Underage me: pretends to be sick so I can sneak out window to go to a party
Older me: pretends to be sick so I don’t have to go to a party
HER: my water broke
ME: [looking at my ice cream scoop on the ground] we all have our issues
[couples therapy]
me: she’s always correcting me. I hate it with every fiber of my bean
therapist: did you just say bean
We’d been planning on using the $1.3 million from Jeopardy to buy a house, but now I’m thinking maybe I’ll just hold on to it for a year or two and then use it to buy Twitter
*picking up coins off the dance floor*
I knew I should have emptied my fanny pack before twerking.
Sorting out the photos on my phone now would be too easy. No, I’m going to wait another 5 years for when I’ve got several billion more
Funny Quote of the Day: “If your parents never had children, chances are… neither will you.” – Dick Cavett
Rich People Podcasts are wild.
Can u imagine getting married and having a family and staying in love until u die, then waiting in the afterlife for your wife to join you and she finally dies and ditches u for a dude she knew for three days on a boat instead?? Anyway I’d give Titanic a 9/10
Personal trainer: How’s your diet been going?
Me: Absolutely amazing
Personal trainer: May I ask what you’ve been eating?
Me: You may not
A vampire can’t enter your home without being invited. But that doesn’t apply to sheds. (One of those bloodsucking pricks stole my weedwacker last week.)
The only reason I’d want to go to heaven is to speak to the manager.
I’m not fat. I’m famine proof.
Alexa! Wake me up if there is an emergency like the world‘s about to get normal
Feel. He’s so soft.
[hospital]
Me: how is he?
Her: he’s in the burn ward
Me: *tearing up* I’m an adult you can say H-E-double hockey sticks
Me to my children: I would kill and die for you
Also me to my children: I AM NOT YOUR DAMN MAID AND WILL BURN ALL THE SHIT ON YOUR BEDROOM FLOORS IN A MASSIVE BONFIRE AND DANCE AROUND THE FLAMES IN GLORY AND RAGE
If u luv sumthin set it free
*releases 2yr old into the wild*
Good luck son
*sobbing*
STOP FOLLOWING ME! GO ON,GET OUT OF HERE
*throws rocks
Me: But what will I eat?
Nutritionist: *provides me with a list of healthy foods*
Me:
Nutritionist:
Me: But what will I eat?
Today I learnt that a group of pandas is called an embarrassment. I finally found a group where I fit in
With a dog, you have a glimpse into parenting. With a cat, you have a glimpse into marriage.

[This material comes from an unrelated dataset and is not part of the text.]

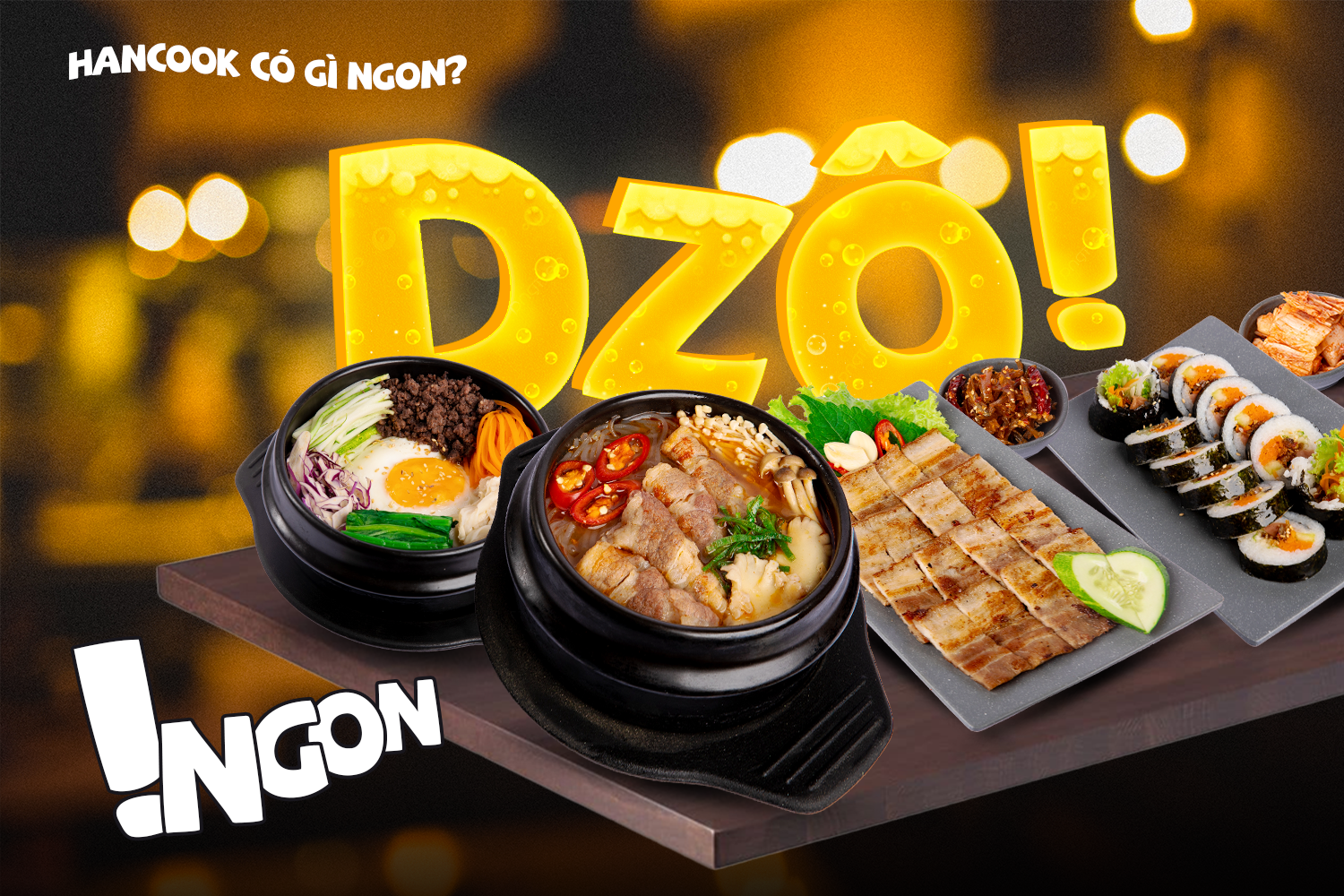 Đến với HANCOOK KOREAN FASTFOOD, bạn sẽ tìm được hương vị chuẩn chỉnh của Kimbab, Topokki, Cơm Trộn, Miến Trộn, Thịt Nướng, Mì Cay, mì tương đen, Lẩu kimchi, ... với giá thành phù hợp với đại đa số mọi lứa tuổi, một bạn học sinh vẫn có thể tự tin với túi tiền để khao bản thân một bữa ăn ngon, một cô/chú lao động phổ thông sẽ no nê, đầy năng lượng cho bữa trưa sau giờ tan ca mệt nhọc với cái nắng hè, một anh/chị ngồi văn phòng máy lạnh không phải cực nhọc vào bếp thường hay muốn thay đổi khẩu vị đều có thể ăn ngon tại HANCOOK KOREAN FASTFOOD. Tọa lạc tại các Quận trung tâm của Thành phố, bạn có thể dễ dàng đến trực tiếp tại 4 chi nhánh hoặc mở các app giao hàng phòng cho các trường hợp nắng mưa.

my body: please, eat something green
me: ugh, fine! *eats mint chip ice cream*
Suddenly had the urge to lay on the floor and do stomach crunches.
Then I found some bubble wrap and that urge went away.
Tell your household jumble of working & non working miscellaneous cables I said hi
*Vacuums for three minutes*
“Oh God I can’t keep up with this house”
True love doesn’t care about the look or size of your wallet, it’s all about what is inside ….. the wallet.